Jefferson, um motivo é pragmático: quando você acumula um monte de relógios como acumulei, uns 20, torna-se um verdadeiro assalto a mão armada, sobretudo em dias de monopólio de assistências técnicas, mantê-los funcionando em bom estado. Para ter uma noção, neste momento que teclo, tomei vergonha na cara e enviei, para revisão, três relógios meus que haviam arregado completamente e estavam esquecidos numa gaveta sem poderem funcionar: um Ebel E Type Crono, um Omega Dynamic e um Revue Thommen Cricket. Valor das três revisões, e sequer mandei em autorizada, mas num bom independente em São Paulo? 2500 reais. Aí você pensa... Tá, mas a última vez que mandou isso para a revisão faz quanto tempo? Sim, faz uns dez anos e, se eu tivesse apenas 3 relógios e de 10 em 10 anos precisasse gastar isso, estaria ok. O problema é que tenho 20, e esse lance de relógios dando pau acaba se tornando uma frequente, de modo que a cada dez anos você gasta não 2500 reais, mas uns 10 mil! É muita disposição para ter um objeto em tese até mesmo inútil em mãos. Eu ainda continuo lendo até razoavelmente muito sobre relojoaria, mas um livro mega caro me custa 50 euros e me ocupa durante meses, intelectualmente falando. É por isso que hoje, voltando ao que disse acima, eu teria preferido ter, sei lá, uns 5 relógios somente ao invés do monte que juntei. Ah Flávio, e porque você então não vende o excedente e fica apenas com uns 5? Pô. Faz sentido... Mas... Aí vou vende um Ebel Type E como o que tenho por... Sei lá, uns 2 mil reais, sendo que custou uma fábula na época?
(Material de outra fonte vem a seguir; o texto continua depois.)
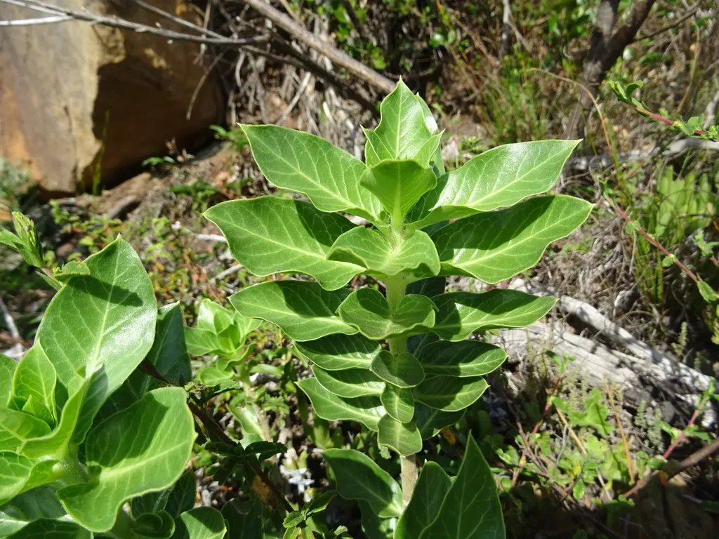 Gomphocarpus cancellatus is a perennial herb or shrublet known for its broad leaves and white to purple flowers, commonly found in dry rocky slopes and subtropical climates.
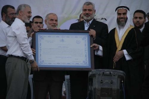 كرم رئيس الوزراء إسماعيل هنية الطبيب الإماراتي د.مازن الهاجري استشاري جراحة الأنف والأذن والحنجرة وأورام الرأس والرقبة على ما قدمه لأبناء فلسطين، والذي يزور قطاع غزة في مهمة إنسانية تتمثل في إجراء عمليات جراحية لمرضى الصم.
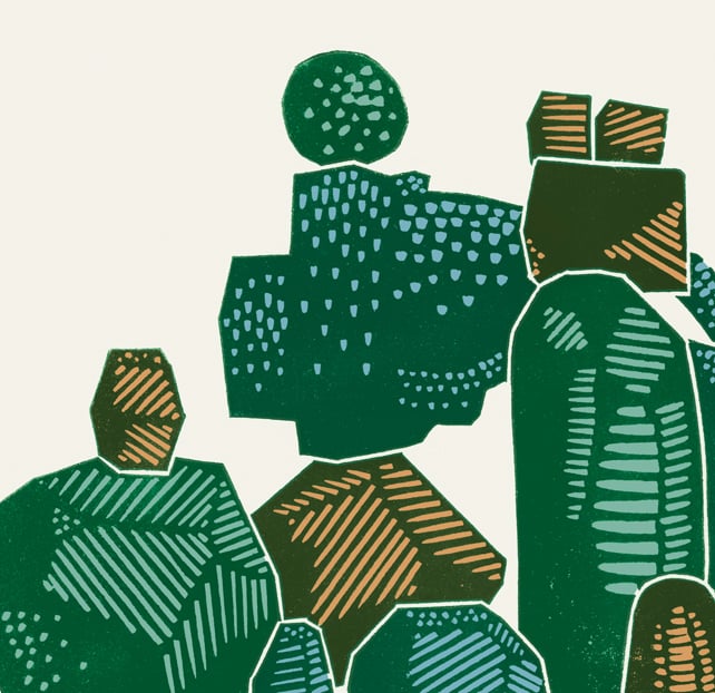 This print is a follow-up to my first series of 'donkey monolith' compositions, in which donkeys explore a sculptural landscape. In this print, one donkey is enjoying itself, contemplating a collection of these monoliths. I have created a lot of donkey-themed prints over the years, as I feel drawn towards their modest nature. I like to celebrate them and imagine them have all sorts of interesting times and adventures when not being watched or bothered by anyone.
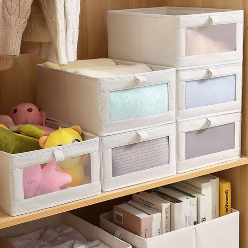 20L 可視窗厚磅棉麻折疊收納盒
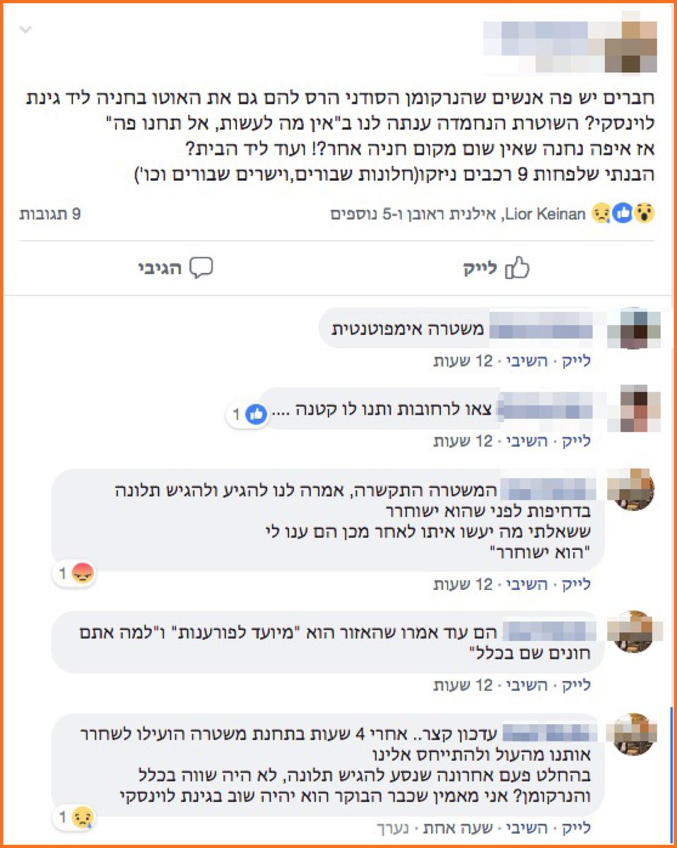 הנרקומן הסודני זניח בסיפור הזה. שימו לב להתנהלות השוטרים. שימו לב להשלמה עם אוזלת היד ואובדן השליטה. ושימו לב למה הפסקנו מזמן להגיש תלונות בתחנה. השיחה נלקחה מקבוצת הפייסבוק של נווה שאנן. לבקשת המעורבים מחקתי את השמות. אגב, אף אחד מהלטפנים שמרבים לכתוב בקבוצה לא הגיב.pic.twitter.com/kprdJCRNyO

Ou passar para frente um Dynamic desse por uns 1500? Os valores de alguns relógios que tenho se tornaram tão pulverizados no tempo que não vale a pena vendê-los, é dinheiro de pinga, dá até dó.
A outra questão é filosófica... Eu admiro MUITO, não fazem ideia, a quantidade de histórias que a relojoaria nos traz. Não precisa ir longe, estou escrevendo sobre o assunto há 20 anos e o troço parece inesgotável. Porém... Eu sinceramente não gosto do rumo que a indústria tomou nos últimos anos, que ao mesmo tempo que se vende como algo EXCLUSIVO e SINGULAR, não tem exclusividade e singularidade alguma, é tudo um marketing mentiroso como em qualquer outra indústria, apenas para vender produtos. Sinto falta realmente a conexão mais próxima que existia num passado recente, quando você mandava um e mail para a Longines e o próprio curador te respondia. O mesmo ocorria na Omega... Pô, eu tenho catálogo assinado em casa pelo Gerd Lang, o fundador da Chronoswiss! Atualmente, as fábricas pregam uma maior conexão com o consumidor, mas isso não existe mais, ficou tudo pasteurizado demais, CULPA, apesar de NÃO A ASSUMIREM, em parte, da mudança ocorrida na rede a respeito dos formadores de opinião. Hoje, o que é relojoaria é o que Ben Clymer e cia dizem que é. E por mais que eu ache que eles popularizaram a relojoaria, que era algo meio obscuro quando eu comecei a escrever, a popularização veio em detrimento do meio. Sim, é um paradoxo que eles não abordaram até hoje, mas existe. A realidade é que fóruns de discussões, a multitude de opiniões, não existem mais, salvo algumas honrosas exceções. E quer saber? Até o fato de nesses 20 anos, sim, 20 anos eu estar martelando a relojoaria técnica na cabeça de pessoas com língua portuguesa e isso NUNCA TER SIDO RECONHECIDO pelos "majors" do mercado, deixa-me puto. Nunca, nesses 20 anos eu lembro de ter sido ouvido para PORRA nenhuma a respeito de relojoaria ou mesmo mercado. É como se o Brasil ou a língua portuguesa não existisse. E isso é broxante...
Em resumo, o que me afastou do relógio objeto, não da relojoaria, porque aí é impossível eu afastar-me, foi grana e muito blá blá blá no mercado.